The Queen's Skirt Explodes, part II, this time with Bronzino's help

In a post on May 5th, I had written about the way that some portraits seems to privilege the satins and silks and ermines and jewels of their owners over... their faces, and I had given you a photograph of a painting from my series exploring the peculiarities of that subject...

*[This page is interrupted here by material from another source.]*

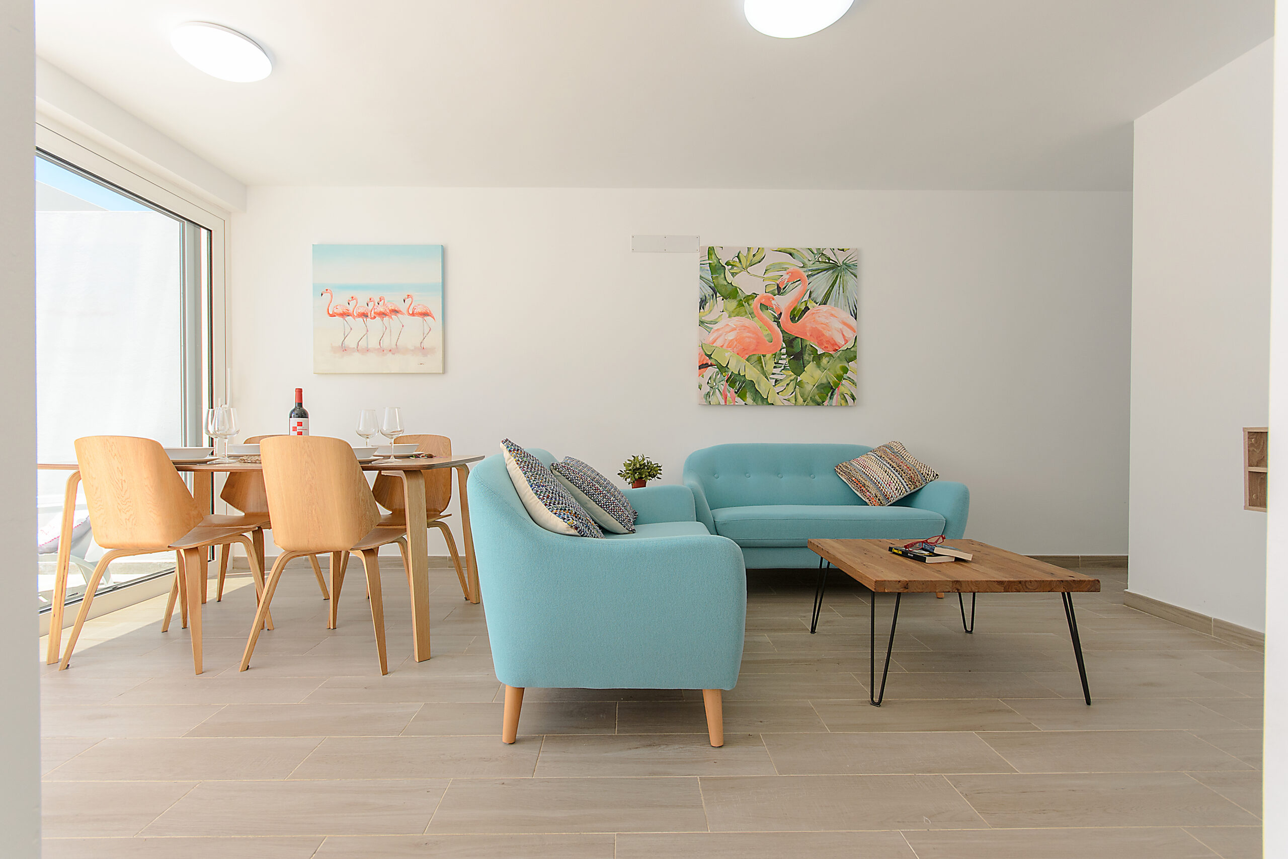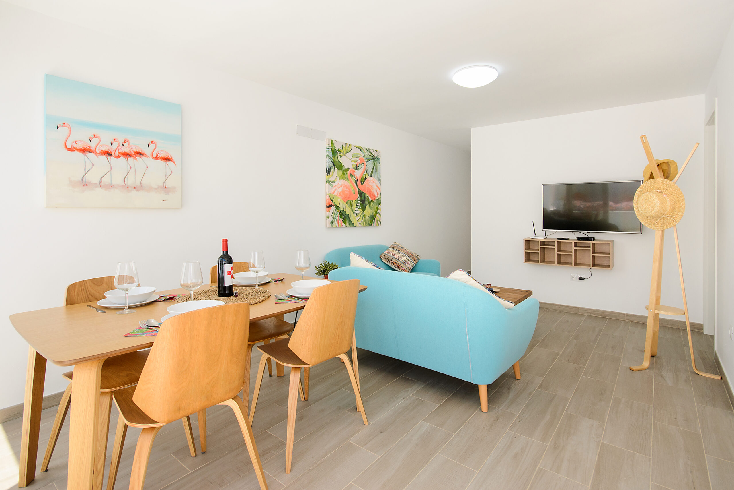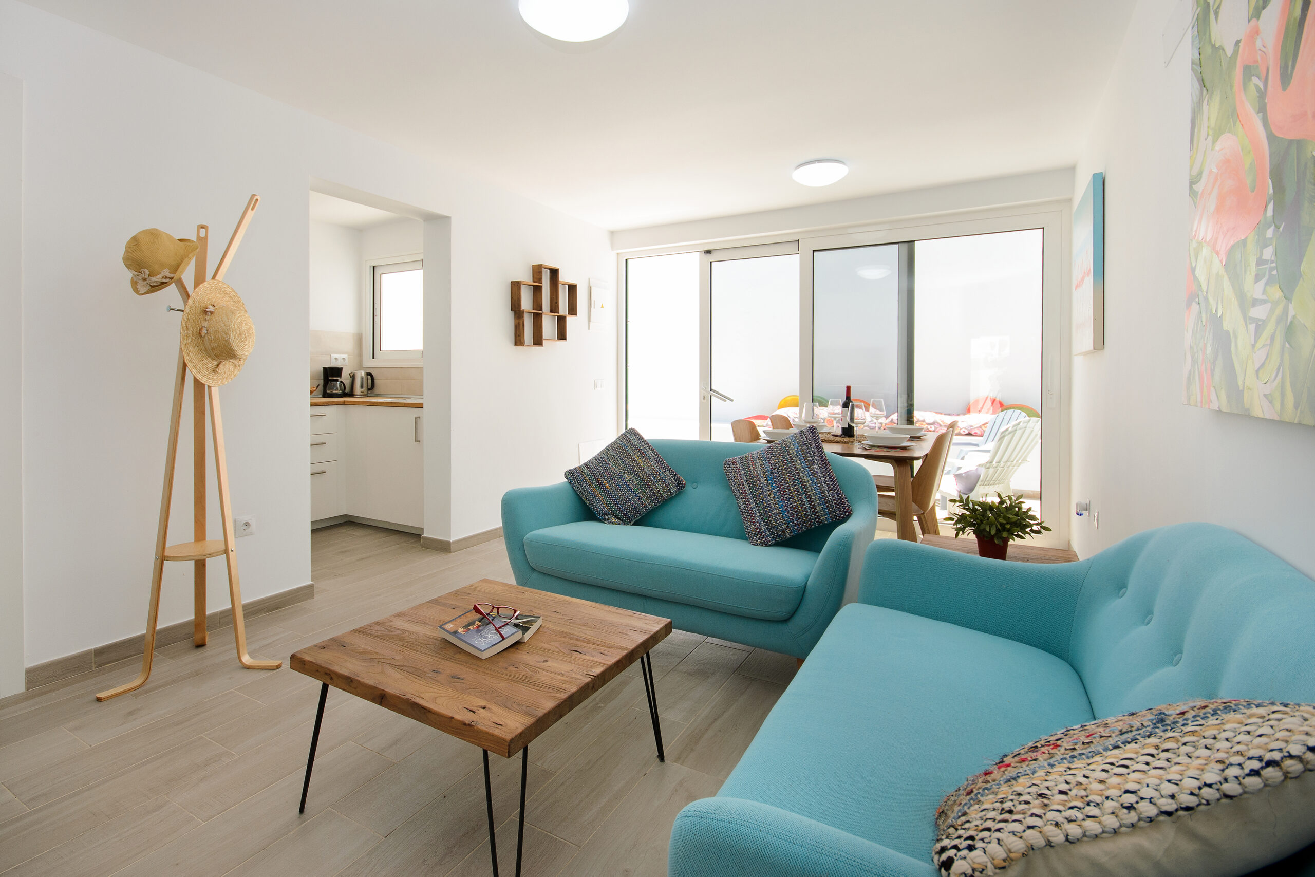 El bonito salón ofrece un cómodo sofá, aire acondicionado y bomba de calor, Smart TV con canales satélite y Internet gratis de alta velocidad con Fibra Óptica de 600MB. Además, cuenta con un espacio de comedor con una espaciosa mesa con sillas de madera.
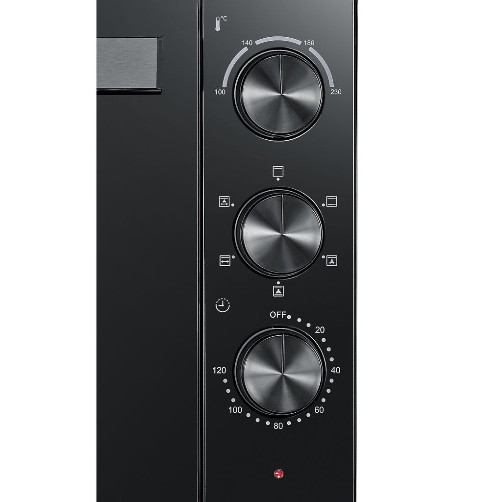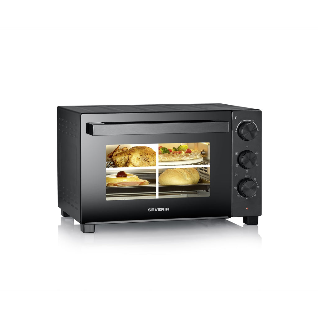 Der Severin TO2075 Back- und Toastofen bietet mit seinem 30-Liter-Garraum ausreichend Platz für Pizza, Pommes, Brötchen, Kuchen oder Aufläufe und eignet sich auch hervorragend für grössere Portionen. Die integrierte Umluft-Funktion sorgt für eine gleichmässige Hitzeverteilung und optimale Backergebnisse, während der praktische Drehspiess ideal für die Zubereitung von ganzen Hähnchen oder Fleischspiesse ist. Ober- und Unterhitze lassen sich je nach Bedarf separat oder kombiniert einstellen, und der grosse Temperaturbereich von 100 bis 230 °C ermöglicht vielseitige Zubereitungen. Der integrierte Timer mit bis zu 120 Minuten Laufzeit und Signalton sowie die automatische Abschaltung sorgen für komfortable und sichere Bedienung. Mit seinen kompakten Aussenmassen von 48,5 × 37,5 × 31,0 cm passt der Backofen problemlos in jede Küche und bietet dennoch viel Platz im Innenraum.

And I have found a new painter who seduces with his brushed fabrics. Agnolo Bronzino, an extraordinarily talented Renaissance painter, lesser known than some of his contemporaries, has had two exhibitions devoted to him in the past year, one at the Palazzo Strozzi in Florence last winter and the other at the Metropoitan Museum of Art in new York last winter and spring. The catalogues are out, and there is a review by the very perceptive Ingrid Rowland in The New York Review of Books from May 26 (pages 8-10).  It is a wonderful, thorough review; read it... it is really fine. She outlines the way he worked, his basing of some works on Michaelangelo's (and she reproduces a drawing as proof of this sculptural echo), and Cosimo de' Medici's choice of Bronzino as his court painter.  She mentions that Cosimo de' Medici thought in terms of politics, geography, education, and economics.  He did not, for example, import textiles; Cosimo "set up his own Florentine silk works" (p.10).  And, she says,  Bronzino "knew how to use art as a form of publicity"; as he painted Cosimo's consort, Eleonora de Toledo,  he painted those very textiles perfectly (p. 10). Look:

What stays with you? The dress. The child's face is easy to love, in part, I think, because his clothing is so softly done. Eleonora's face has no chance up against those patterns, the shoulder laces, the enormous stylized flower on her chest.  In Bronzino's defense, Rowland writes that perhaps Eleonora "seems less haughty than melancholy; she was probably already beginning to suffer from the consumption that eventually killed her" (p. 10).  Her face is very far removed from the foreground, it seems to me; perhaps because she was ill.  But we can imagine another version of this portrait, one where her face, pale and subtlety-done as it is, comes forward, where she is seen as a person who will soon not be here, and knows it, one where the dress fades into the distance because the person is what matters. Bronzino was more than skilled enough to create this other portrait, where the face is the thing ... and yet he chose the dress.  I have sometimes thought that when artists paint these ruffles and laces so perfectly that they are adding to their resume, saying, "if I can paint these, I can paint anything."  This seems more than a few lines on a resume... this may be the most civilized, and early form of ... dare I say it? ... advertisement, for the silks of Florence. They are lovely ...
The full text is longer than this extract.